In this study, age and multimorbidity were not significant risk factors for unfavorable QoL after SD. SD mostly affects elderly people27, and consequently, our study population predominantly consisted of elderly people with a quite narrow age spectrum. The effect of younger age on QoL should therefore be further investigated in a more age-diverse study population. Accordingly, multimorbidity, as measured by the Charlson Comorbidity Index (CCI), was rather high in our study population, with only 22 patients (17%) percent having an CCI of < 2. Therefore, conclusions regarding the impact of multimorbidity on QoL after SD should be drawn with caution.

Limitations

This study has several limitations. Our cohort is from a tertiary referral center specialized in spine surgery. The population may therefore consist of especially severe cases and may not be representative of general SD patients.

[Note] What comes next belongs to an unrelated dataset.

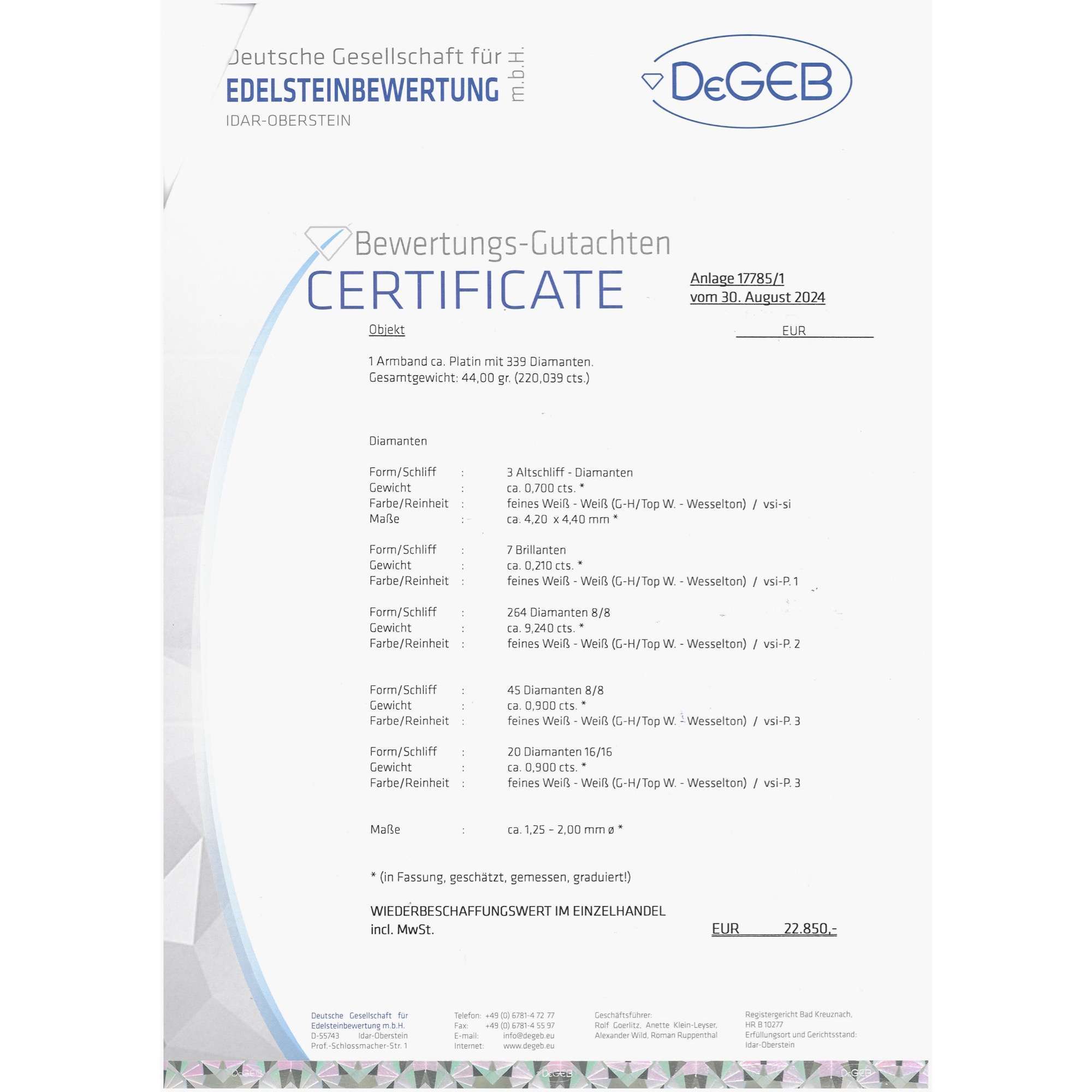 | Zertifikat: | Lieferung mit einem detaillierten Gutachten der Deutschen Gesellschaft für Edelsteinbewertung vom 22. September 2024. Festgestellter Wiederbeschaffungswert: 22.850,- Euro. |

In addition, the number of patients being transferred from other hospitals to our institution for further treatment was quite high and most of culture negative SD cases had received antibiotic treatment prior to sampling. We found no difference in culture positive versus culture negative cases in regards to QoL, but this relevant bias must be taken into consideration when interpreting the effect of pathogen detection on QoL in our study population.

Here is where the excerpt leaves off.